● **Stored dataset items**
☆ ☆ ☆
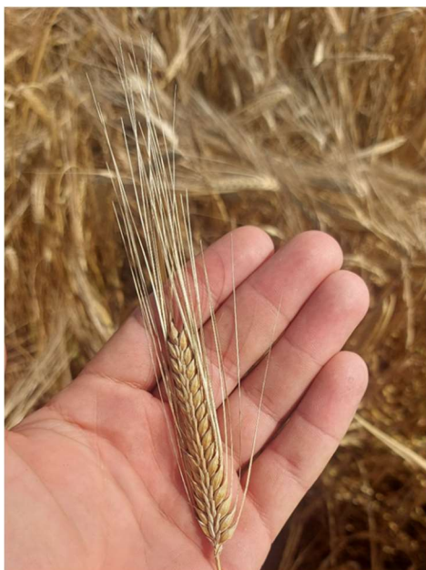
Slika 12 Klas ječma
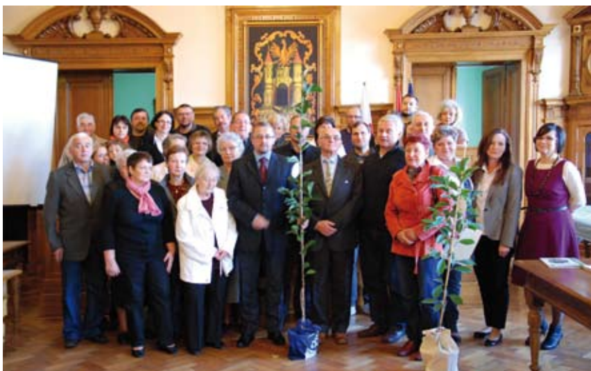
Właściciele wyróżnionych ogrodów na spotkaniu w Ratuszu.
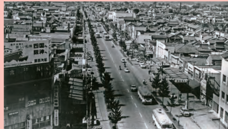
復興した明治通り (昭和40年)

昭和29年、本町通り・小頭町通り・三本松公園通りが明治通りと交叉する位置に設置されたが、同42年、交通事情から撤去された。
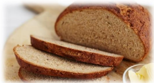
Pain à base de farine de blé et d'épeautre
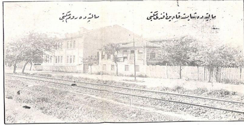
Resim 5. Maltepe Rum Mektebi ve Şayeste Kadınefendi Mektebi
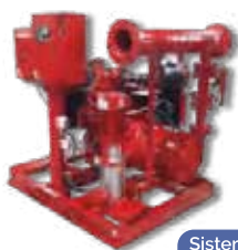
Sistemas contra incendio
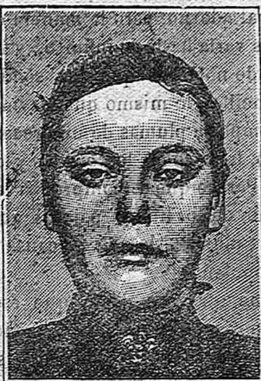
Después de 10 días de curación
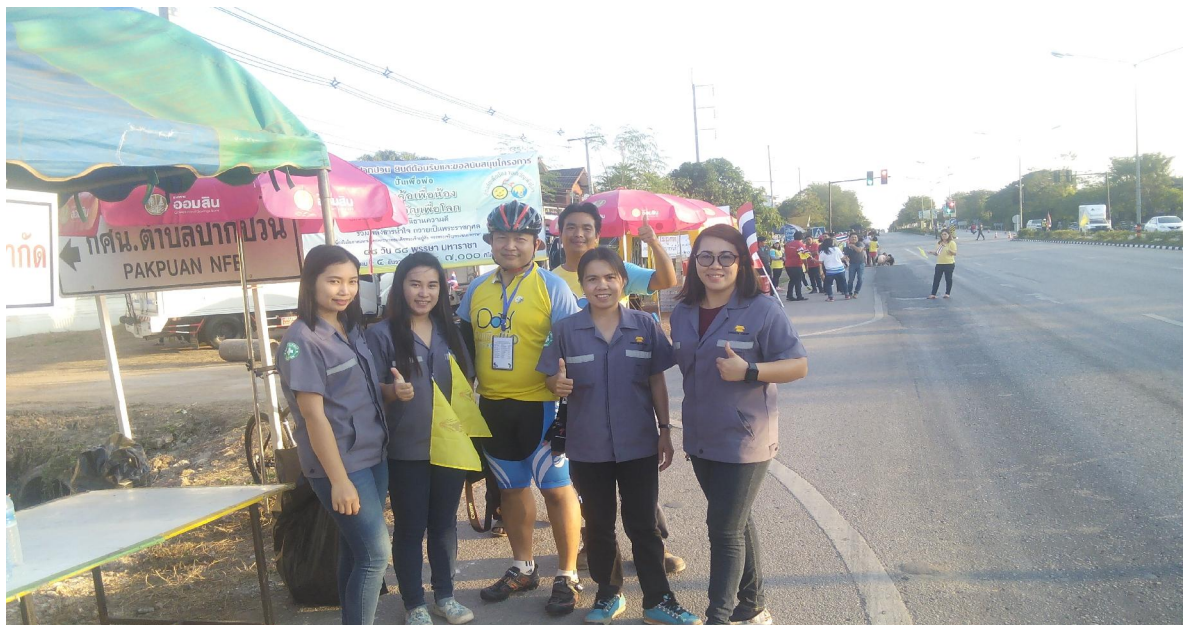
ทีมงานถ่ายภาพกับน้องปั่นที่มารับบริการน้ำดื่มสะอาด
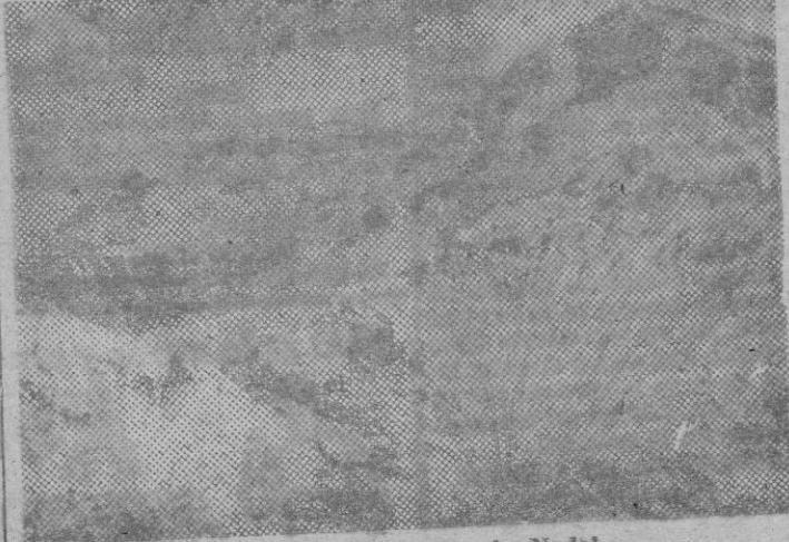
«Paisajes», óleo de Ramón Nadal.

artista. Ahora Nadal, insistiendo en la preferencia, apuntada en anteriores exposiciones, emplea la paleta exclusivamente y juega con la pasta, con la sabia y justa posición de los toques, con los efectos de las mezclas, apenas insinuada, y en fin, con un perfecto
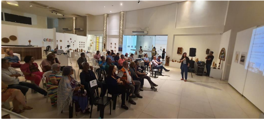
Figura 4. Fotos Consulta Pública
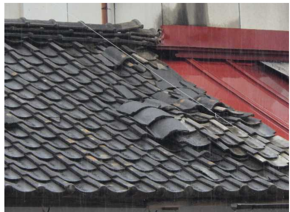
写真10：瓦のずれ（福島県川俣町）
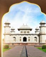
กิชมาชาลน้อย
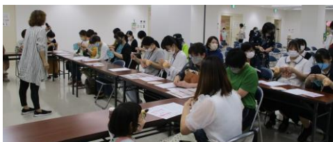
ワークショップ 布ナプキン製作
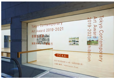
1. 「Tokyo Contemporary Art Award 2019-2021 受賞記念展」展示風景（東京都現代美術館、2021）
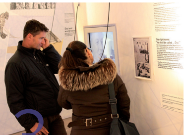
3 Südtiroler Archäologiemuseum Museo Archeologico dell'Alto Adige
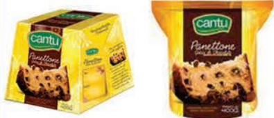
Panettone Cantu Sachê e Caixa Gotas Chocolate 400g
☆ ☆ ☆
● **Task item**
Your task is to retype the lines running from the one that contains "3 Südtiroler Archäologiemuseum" through the end of the records, and nothing else. Pictures are not part of the copy.

● **Your solution**
3 Südtiroler Archäologiemuseum Museo Archeologico dell'Alto Adige
Panettone Cantu Sachê e Caixa Gotas Chocolate 400g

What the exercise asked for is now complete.